The scribe translates as coherently literal as he can, and he does a good job. After he copies out today’s sections, he passes his work to the non-Greek speaking scribes, so they can copy it out in more English. His hand hurts from all the work today. He needs a break. He forgets about the man-bed.

Now, the world is English. It’s passed the 19th and 20th century, again with the many stories I have no space to tell you, and now it’s 2022 and English-speaking. Yes, the present, finally! Some Christians are not okay with other people being gay. Again, Leviticus tells us, you can’t lie with another man, you’re an abomination. Now the world has 11 countries death-penalising LGBT people. The highest rates of suicide among LGBT people.
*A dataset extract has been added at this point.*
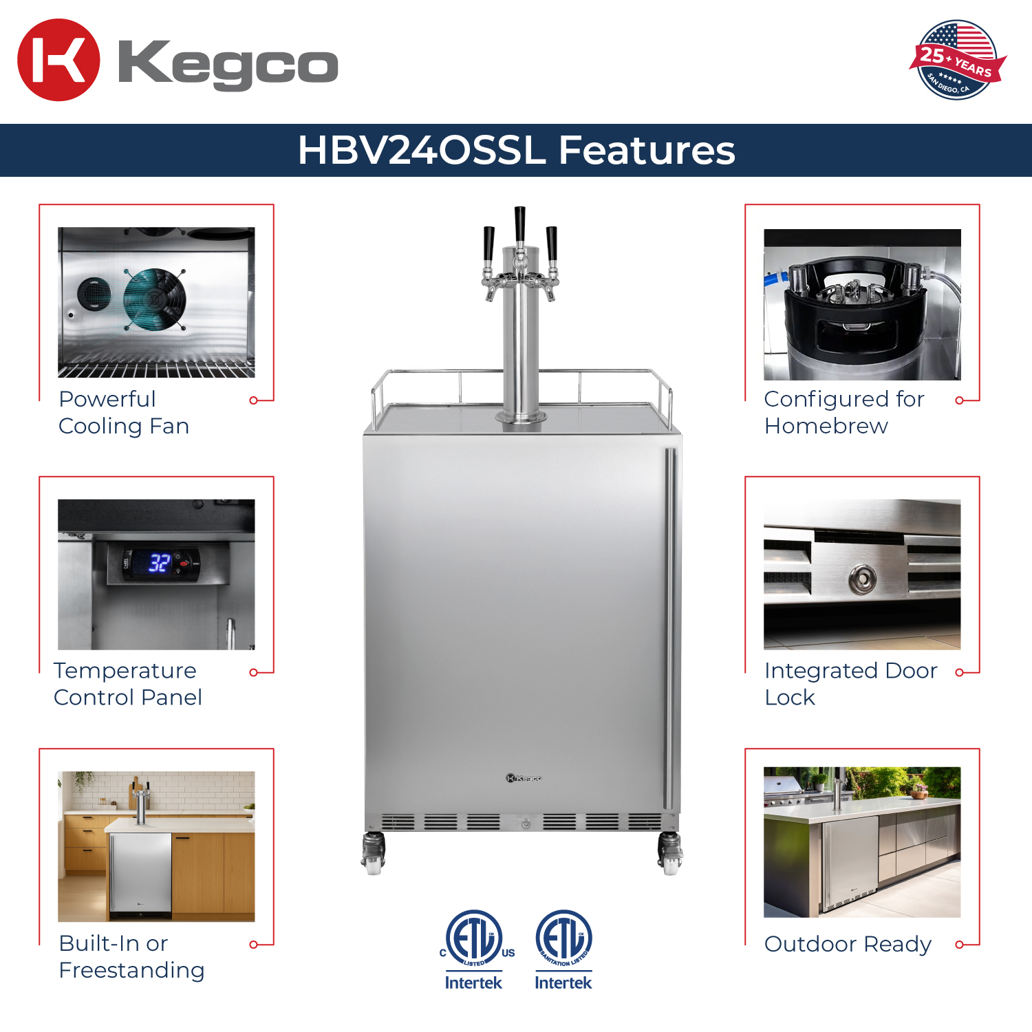 Kegco 24" Wide Outdoor Homebrew Triple Tap All Stainless Steel Built-In Left Hinge Kegerator $3,130.00 SAVE 45% - $1408.50 $1,721.50

Ohoho. The butterfly effect.

Okay. So now, all over the world, people feel they really lose. Now, all over the world, people feel they really win. 2022: the age of digital, social media, two-page articles. Stories come in that form now. Now, all over the world, people still go back to Aristotle, they never left Aristotle, it’s still all about living well, isn’t it? So, how do you do that? Now all over the world you do it with money money money.

Scribes are gone, pretty much. Though things to be passed on still exist. Lots of people want to be storytellers, writers, journalists, but there’s no money in it. Most of the money now is through stories relayed online, especially the trending ones.

Great, so, there’s a news company and journalists who actually do get paid well. They have enthusiastic, persuasive, headstrong voices, but to keep the job they’ve got to keep the clicks. There are too many stories to cover, let alone cover in a digestible, simple-worded way for the millions.

The journalists were interested in their field because they wanted to bring happiness to the masses, truth to the masses, maybe change for the masses. Through storytelling, which is the Holy word.

But there’s a lot of pressure to do well at work; a company is for money after all. Before the easy reading is the difficult one. Overwhelm impacts their wellness of living, but they write anyways, and they do a good job. They manage to write about the hot topics, the crises, the calamities, the reforms, in a general, digestible way for the millions. In a way that either goes against the majority opinion to generate clicks or with the majority opinion to generate clicks. In a way that lets them say, actually, it does pay, I’m living pretty well.

Now the world is millions: millions reading about millions, talking about millions, through those general, digestible stories. Here are some of the stories covered: 27 million refugees, to which millions say go back where you fucking came from. 419 parts per million, to which millions say stop the emissions! 572 million reported COVID cases, to which millions say wear a mask or this is fake! 50 million views on a TikTok storytime, to which millions say im gonna try this lol.

Hohoho. Then the world is its stories, yes?